Express this phrase in first-order language: "Every student has passed at least one class".

This is my teacher's answer:

We define $S(x)$ as "object $x$ is a student" , $C(x)$ as "object $x$ is
a class" and $P(x,y)$ as a predicate logic – symbol which translates to
"student $x$ has passed class $y$". So we have:

$\forall x (S(x) \rightarrow \exists y [C(y) \land P(x,y)])$.

My question is what about : "$\forall x S(x) \exists y ( C(y) \land P(x,y))$". Why the second one is wrong?

Answer 1

Perhaps you've read somewhere something like

$\forall x \in \mathbb{N} P(x)$

and try to apply the same pattern to the sentence in question with $x \in \mathbb{N}$ corresponding to $S(x)$ and $P(x)$ to $\exists y ...$.
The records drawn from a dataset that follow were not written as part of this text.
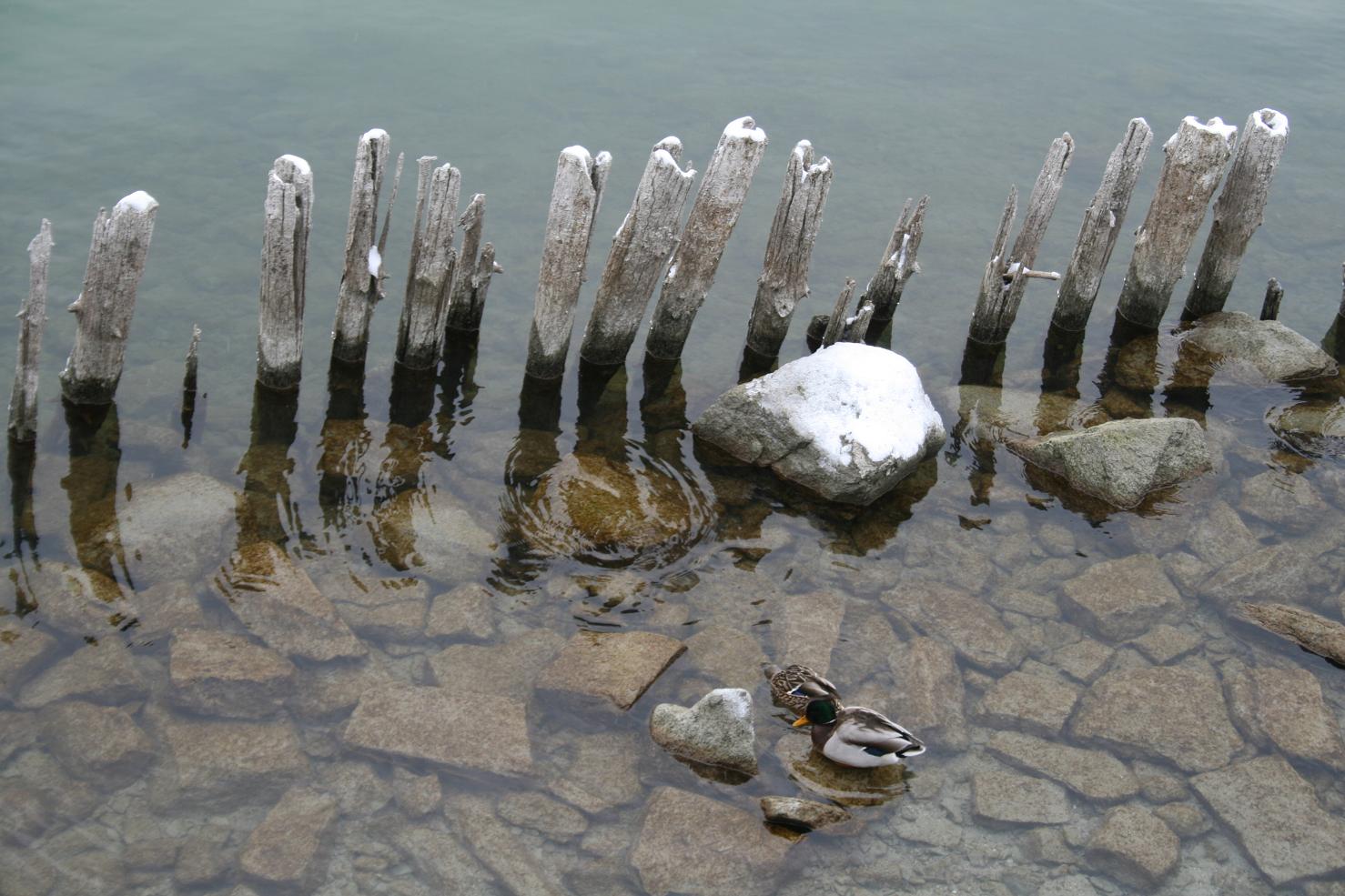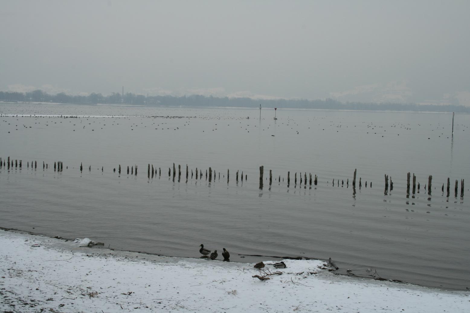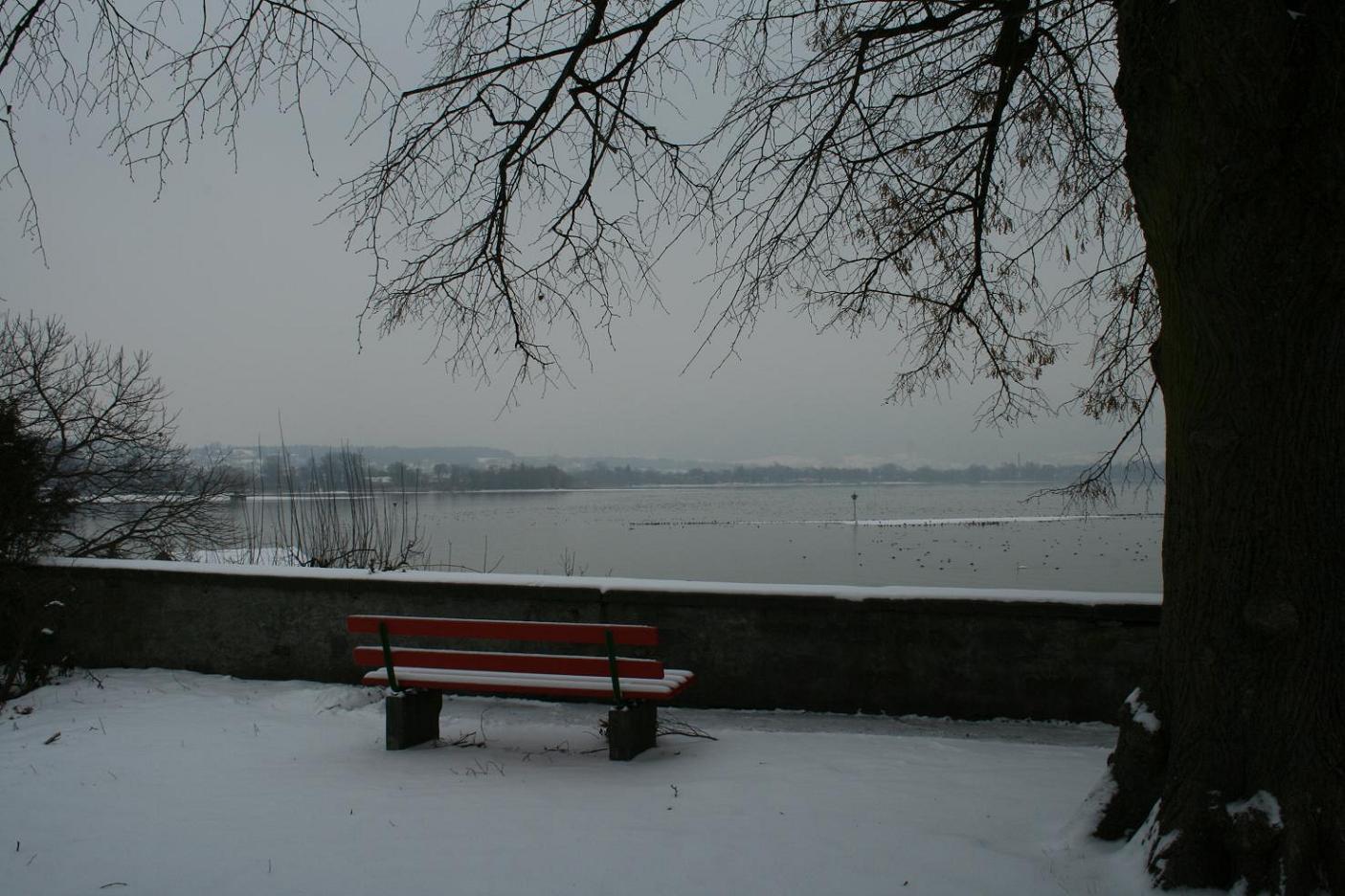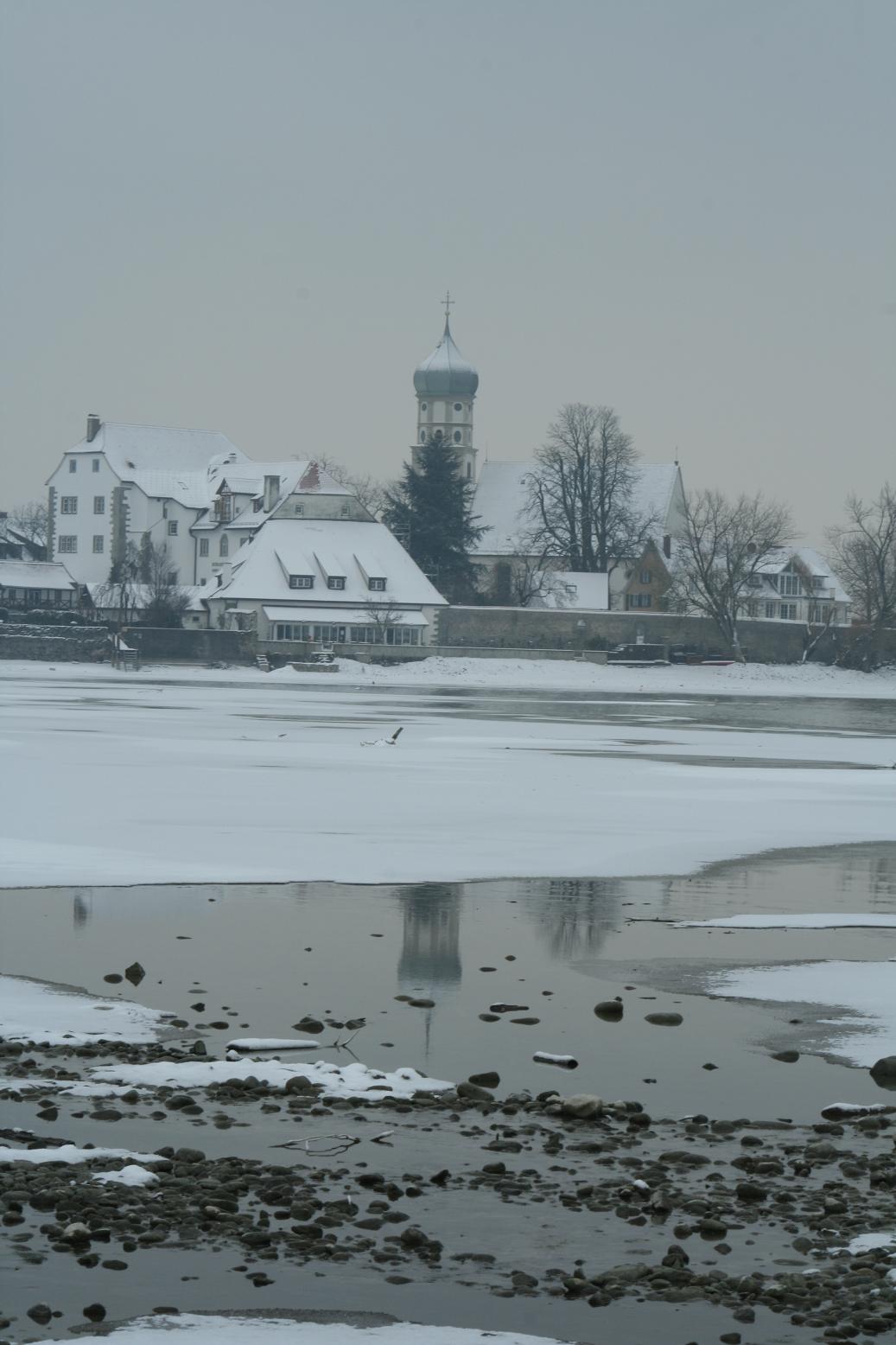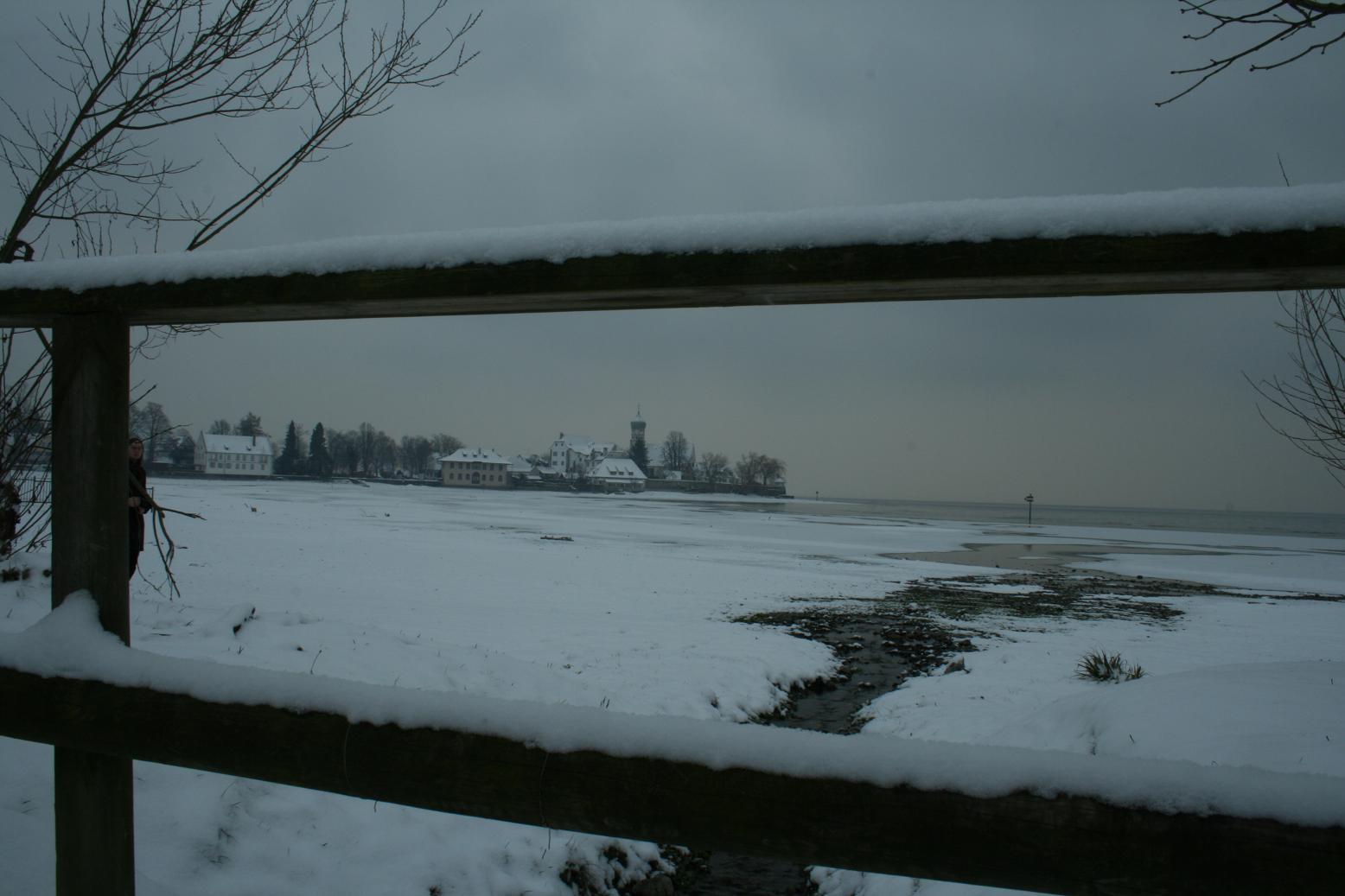Dann geht es weiter nach Wasserburg. Im Reiseführer gab es einen Blick über den See auf die Kirche. Den wollen wir auch fotografieren. Doch die Stelle ist nicht einfach zu finden. Zwar finden wir einen Parkplatz in der Nähe der Kirche, aber da bekommen wir nicht den gewünschten Blick. Also folgen wir einem verschneiten Weg durch ein Naturschutzgebiet, bis wir der Kirche gegenüber und am Seeufer stehen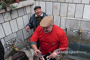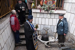 Az utunk Kardzsali felé Aszenovgrádnál ágazott el, tehát vissza kellett menni a városba. Megkerestük az Angyali Üdvözlet templomát, annak is az utca felőli kútját. Információkeresés közben, mikor aszenovgrádi képeket nézegettem, feltűnt egy kép, egy kutat ábrázolt, ahol halfejekből folyik a víz. Kell hogy legyen valami jelentősége, ha lefényképezték… Addig kutattam, amíg találtam egy újságcikket, ami szerint pár éve csőtörés volt ott, és arra gondoltak a helyiek, hogy helyreállítják a kutat és felelevenítik a régi hagyományt, ami szerint Szőlőmetsző Szent Trifon napján bor folyik a kútból Azt nem tudtam a bolgár szövegből a google-fordítóval kisillabizálni, hogy csak a felavatáskor vagy minden évben Szent Trifon napján megtörténik-e a szertartás… de találtam képeket, amin a pap éppen megáldja a cuccot, aztán kis poharakban osztják a bort az ott álló híveknek
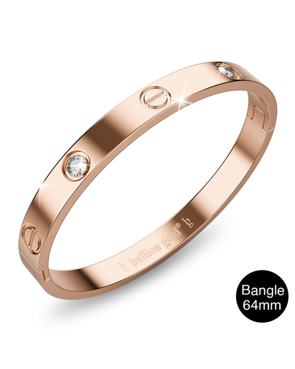 Our Carrie Stainless Steel Bangle is the very definition of the perfect bangle for everyday wear. This one-of-a-kind bangle is made of high quality stainless steel, layered with a luxurious 18ct Rose Gold plating. Apart from its secure side hinged locking closure, this bangle is beautifully adorned with cubic zirconias for that extra touch of everlasting glam.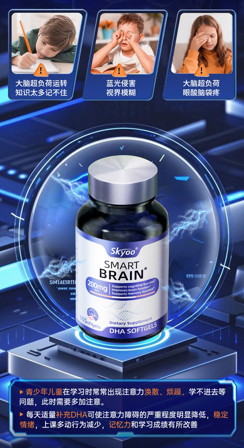 DHA补脑增强学生儿童青少年记忆力进口神经酸藻油鱼油官方旗舰店

But the above is not strictly speaking a first-order formula, but just an abbrevation for

$\forall x (x \in \mathbb{N} \to P(x))$

and is normally only used with set membership statements $x \in Y$, not predicates like $S(x)$.

If you are asserting two formulas $S(x)$, $\exists y ...$ then by the syntax of predicate logic, you must have a connective in between them so the whole thing becomes another formula, and that's missing in your proposal.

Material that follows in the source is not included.